**TASK:** Return the line that has "Experience downtown living" and all lines below it through the last, exactly as they stand; omit pictures.

**DATASET SECTION:**
══════════

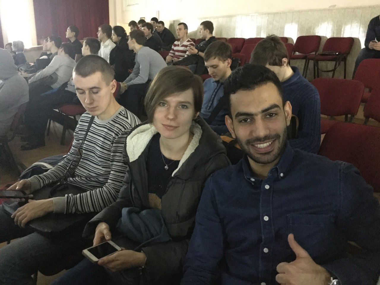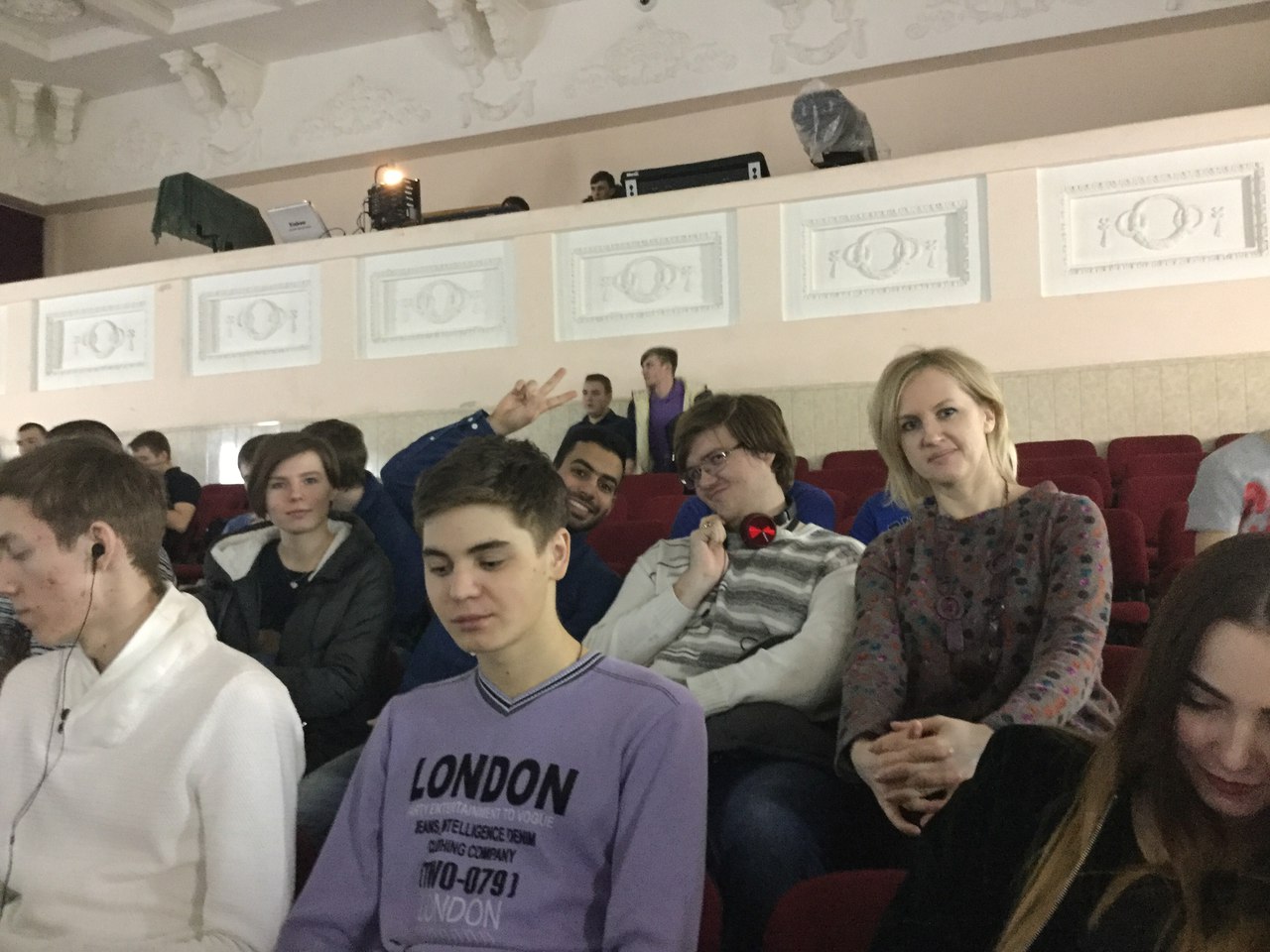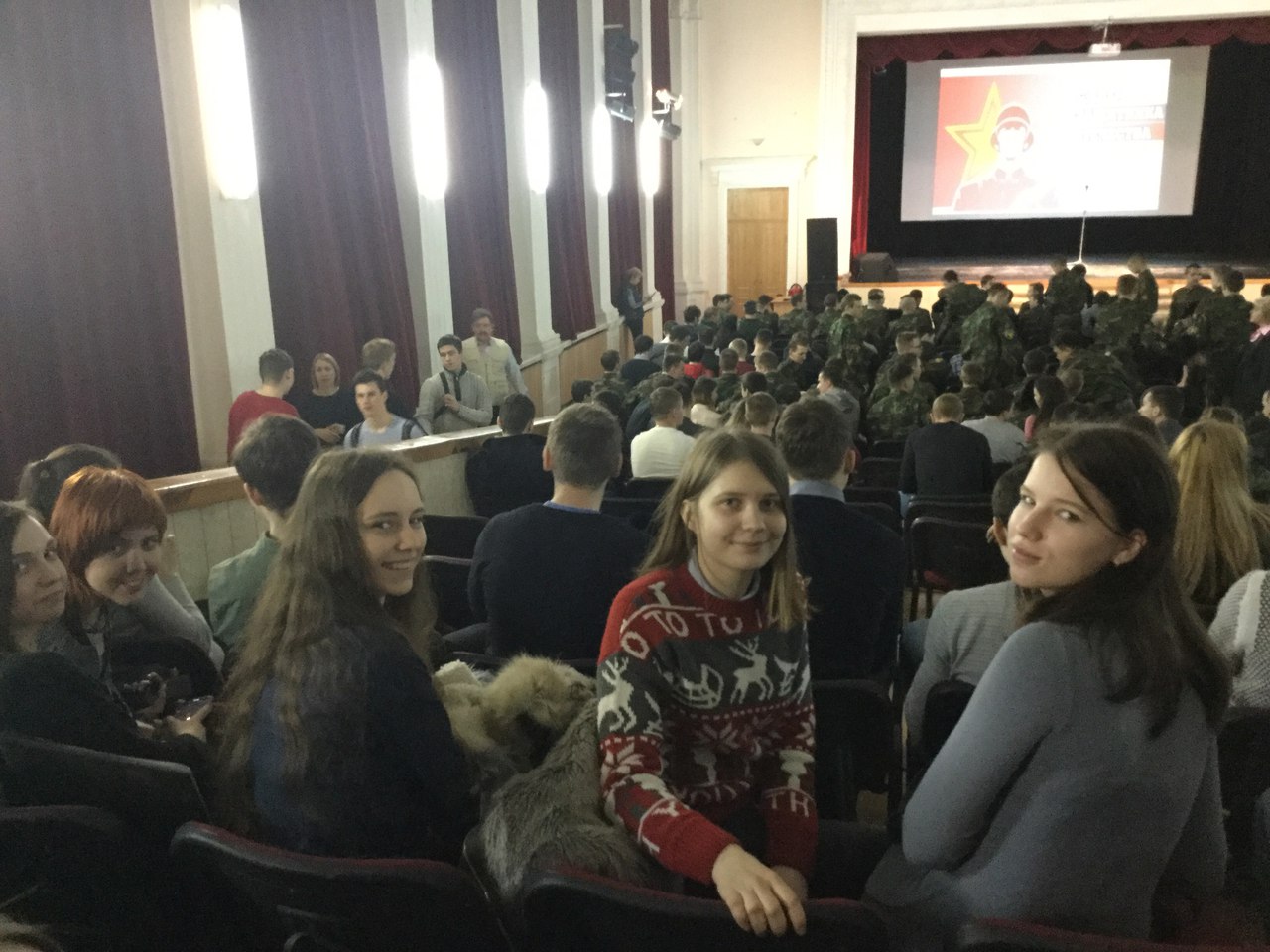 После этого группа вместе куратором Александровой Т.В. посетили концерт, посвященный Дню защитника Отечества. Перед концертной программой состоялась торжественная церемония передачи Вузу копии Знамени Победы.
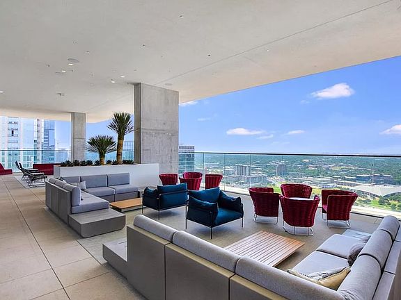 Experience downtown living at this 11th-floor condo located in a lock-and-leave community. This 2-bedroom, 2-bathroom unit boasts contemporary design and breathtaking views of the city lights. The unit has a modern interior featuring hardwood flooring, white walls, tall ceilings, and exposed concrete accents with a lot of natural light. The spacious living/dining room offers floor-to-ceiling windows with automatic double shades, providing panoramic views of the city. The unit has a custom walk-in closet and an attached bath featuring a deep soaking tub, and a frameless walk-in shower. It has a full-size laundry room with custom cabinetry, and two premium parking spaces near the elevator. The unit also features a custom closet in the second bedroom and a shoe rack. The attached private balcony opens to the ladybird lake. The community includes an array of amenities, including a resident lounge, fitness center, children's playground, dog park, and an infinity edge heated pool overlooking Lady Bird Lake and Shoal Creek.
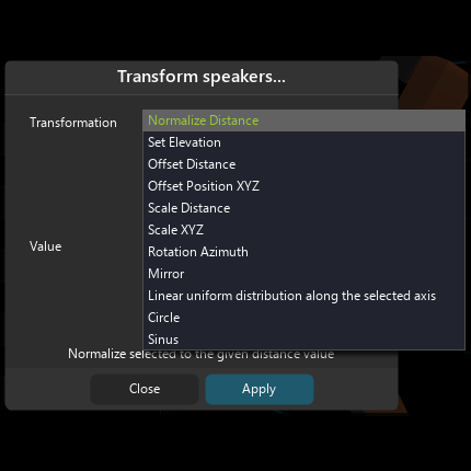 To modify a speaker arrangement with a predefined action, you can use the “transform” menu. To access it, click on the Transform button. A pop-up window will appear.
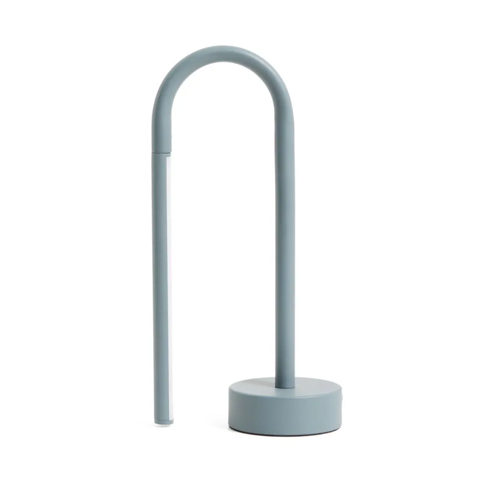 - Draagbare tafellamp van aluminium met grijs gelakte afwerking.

══════════

**SOLUTION TO THE PROBLEM:**
 Experience downtown living at this 11th-floor condo located in a lock-and-leave community. This 2-bedroom, 2-bathroom unit boasts contemporary design and breathtaking views of the city lights. The unit has a modern interior featuring hardwood flooring, white walls, tall ceilings, and exposed concrete accents with a lot of natural light. The spacious living/dining room offers floor-to-ceiling windows with automatic double shades, providing panoramic views of the city. The unit has a custom walk-in closet and an attached bath featuring a deep soaking tub, and a frameless walk-in shower. It has a full-size laundry room with custom cabinetry, and two premium parking spaces near the elevator. The unit also features a custom closet in the second bedroom and a shoe rack. The attached private balcony opens to the ladybird lake. The community includes an array of amenities, including a resident lounge, fitness center, children's playground, dog park, and an infinity edge heated pool overlooking Lady Bird Lake and Shoal Creek.
 To modify a speaker arrangement with a predefined action, you can use the “transform” menu. To access it, click on the Transform button. A pop-up window will appear.
 - Draagbare tafellamp van aluminium met grijs gelakte afwerking.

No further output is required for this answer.